Forced ranking, as most of you know, is the performance management process where everyone in a company, division or department, is ranked “best to worst” in an effort to determine how to allocate pay and/or the implementation of a reduction of force. It is easy to rationalize forced ranking when the economy is down, when your industry is hurting, and/or when your company has had a bad year.
However, when a company is expected to do well, how does it explain a process whereby it is admitting that some of the people it hires “aren’t up to snuff”? Would it not be better simply to attack hiring on the premise of only hiring “A” players thereby eliminating the need to ever force rank?
Merit pay, as it was meant to be, is the concept that employees should be paid different rates for various levels of competence and performance. The underlying criteria of a merit pay system can be summarized as (1) the employee’s performance in relation to pre-established, understandable job responsibilities and (2) the employer’s financial ability to pay.
In the 1980s, it was much easier to differentiate performance when merit budgets averaged 8 percent to 10 percent. In the ’90s, however, we have seen the merit budget erode by as much as 3 percent to 4 percent, making it much more difficult for companies to distinguish exceptional work using performance-based merit increases. When this occurs, it is difficult to truly link an individual’s compensation and benefits to his or her efforts to improve the company’s bottom line.
Does forced ranking really reward merit?
Today, forced ranking can actually encourage average or mediocre performance. Once performance evaluation time rolls around, over half of the workforce typically will be force-ranked as average (or very close), while remaining employees will be ranked below and above this standard.
In order to stay on track with the merit budget, employers, who force-rank, generally align employees in accordance with the pre-assigned performance distribution percentages. As you can imagine, this scenario results in intense internal conflict and can destroy any resemblance of employee teamwork and cooperation. Consider the employee who improves his or her performance; presumably, someone else will, in turn, be “squeezed down” to maintain a balance “fit” within the guidelines.
Forced ranking forces evaluators to make determinations on a person-versus-person basis rather than a person-to-established-standards basis.

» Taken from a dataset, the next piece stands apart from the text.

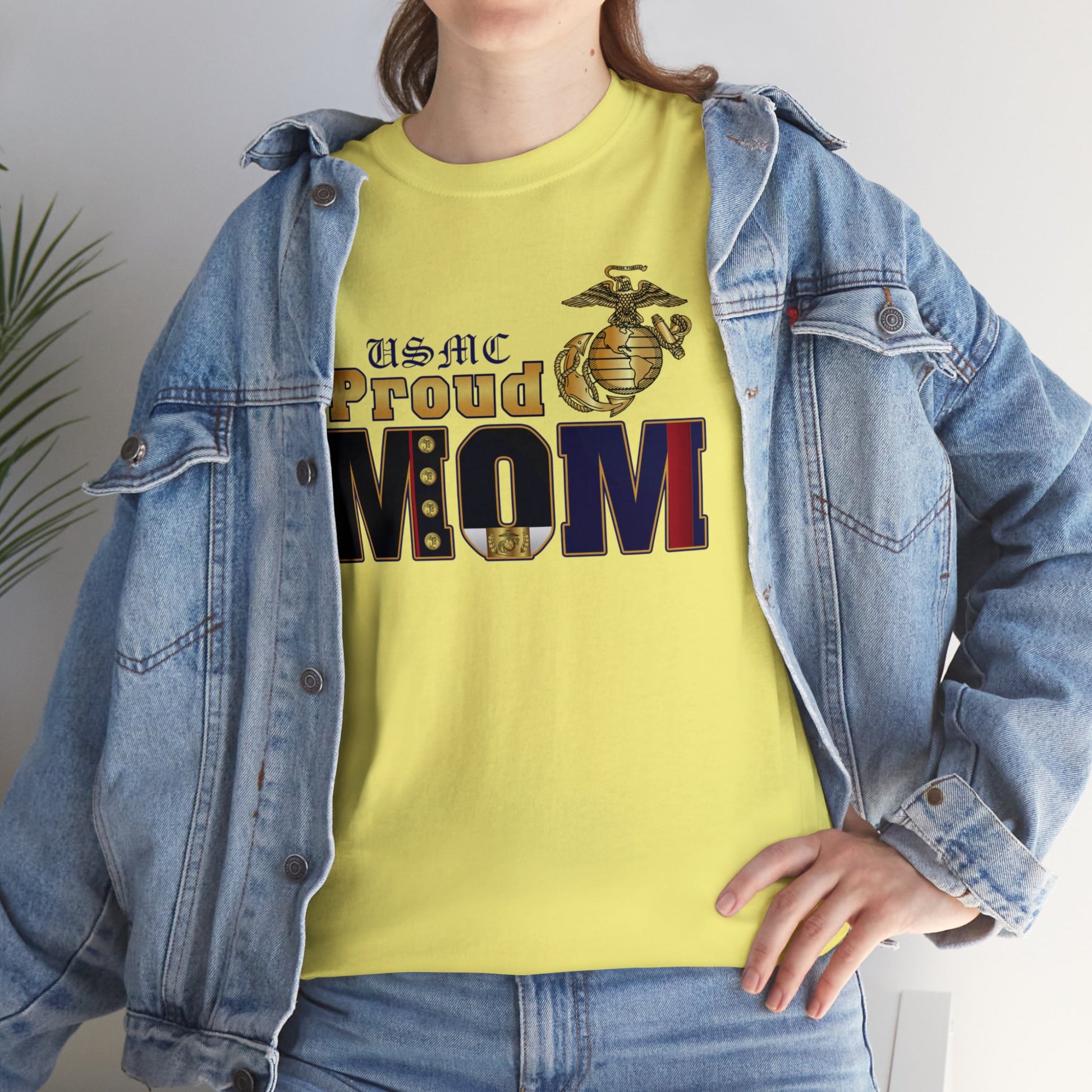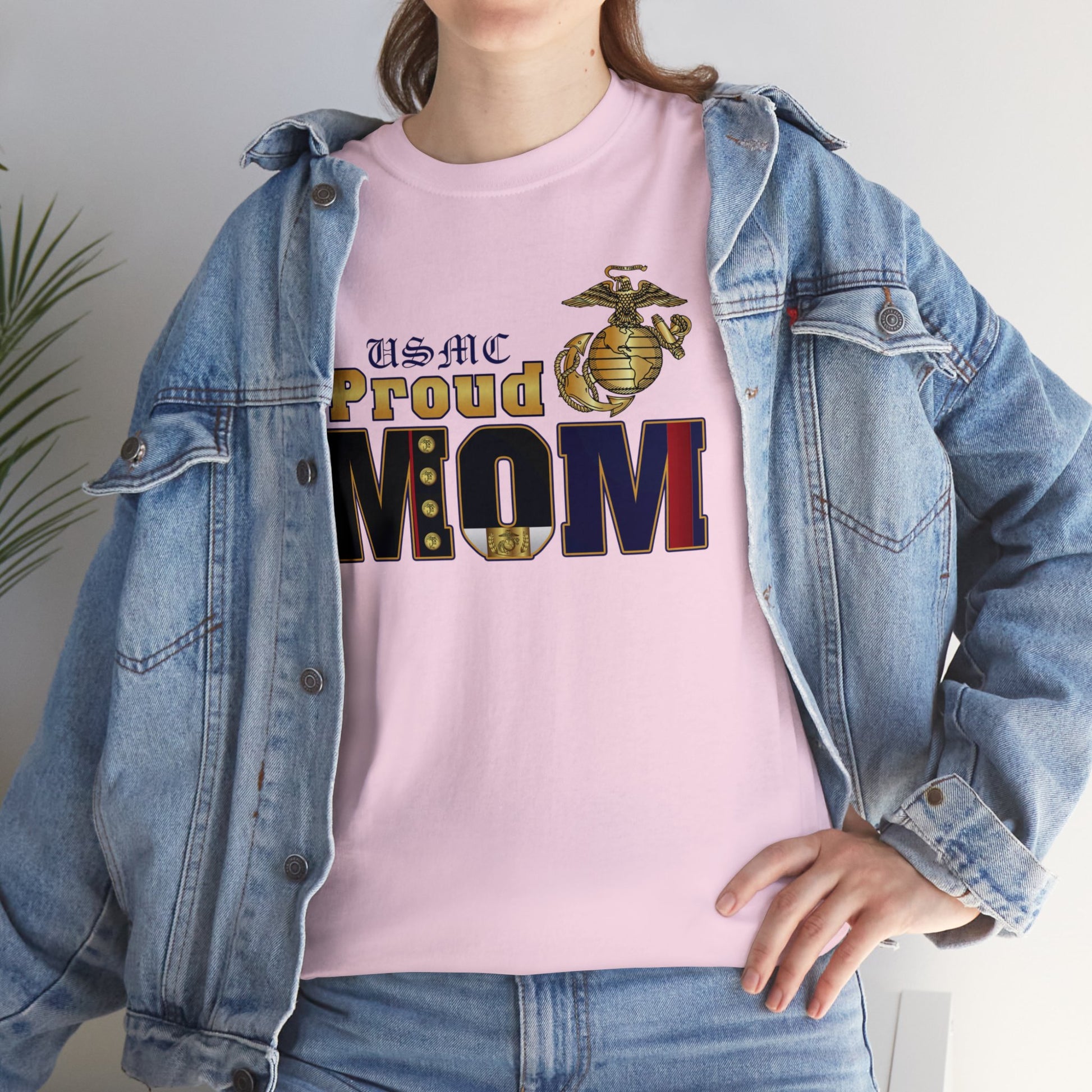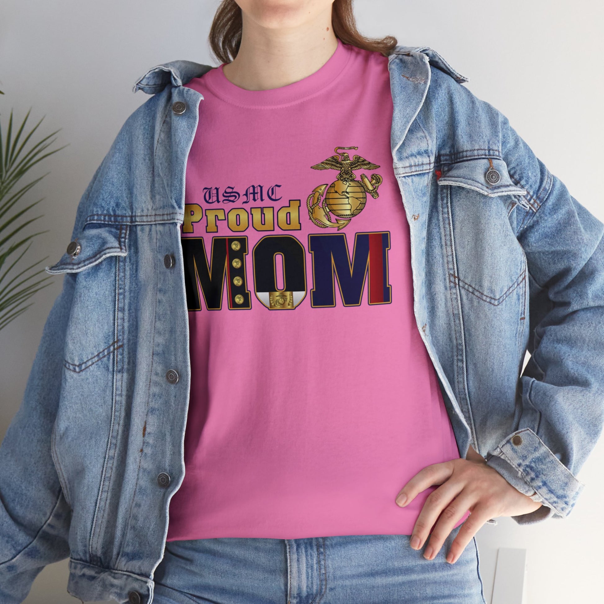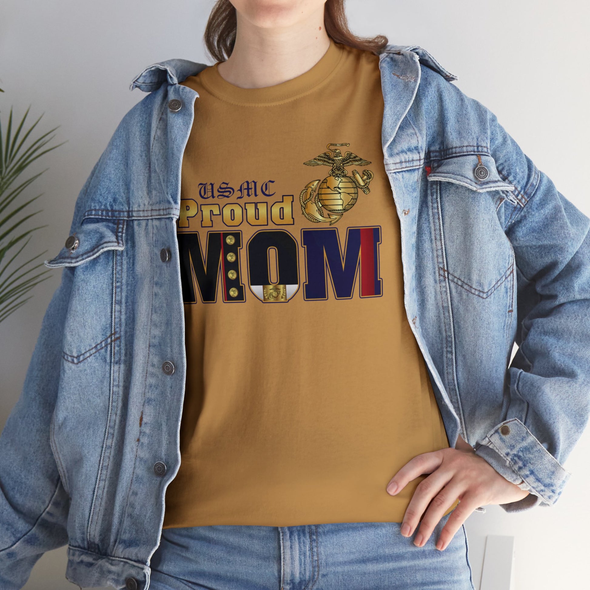 Our T-shirt has the Marine Corps Dress Blue Proud Mom design on the front with the Eagle, Globe, and Anchor (EGA). The back is blank. Short sleeve. In your choice of colors. An EGA Shop exclusive.

In my opinion, this also causes management to move away from focusing on pre-established, objective job standards, and toward evaluations based on personal attributes. A Pandora’s Box subsequently opens to all sorts of problems, including corporate infighting, person-rater bias, management subjectivity, and even lawsuits (all demotivating factors), which negatively impact the overall productivity of the organization. In the final analysis, “merit pay” is oftentimes only a catchy cliché.
A solution
I like what Herb Kelleher and Don Murray (CEOs of Southwest Airlines and Resources Connection, respectively) have done. They propose, from the outset, to hire the very best and train all hires to the fullest extent possible. Both believe they hire only on the “right-side” of the curve, so there is never a need to force rank. It is actually part of the cultures these two companies have developed, and as a result, the motivation of their workforces are higher than most other employers.
Based on the company’s performance of both companies, they may be on to something. As opposed to “rank and yank” they appear to “bank” on hiring the right people. And hiring and retaining the right, quality people is a lot more efficient than hiring a large quantity of people to be laid off in slow times, based on ranking systems. Corporations ultimately can increase productivity by following this smart hiring philosophy: Hire and keep the best in order to reap the best performance.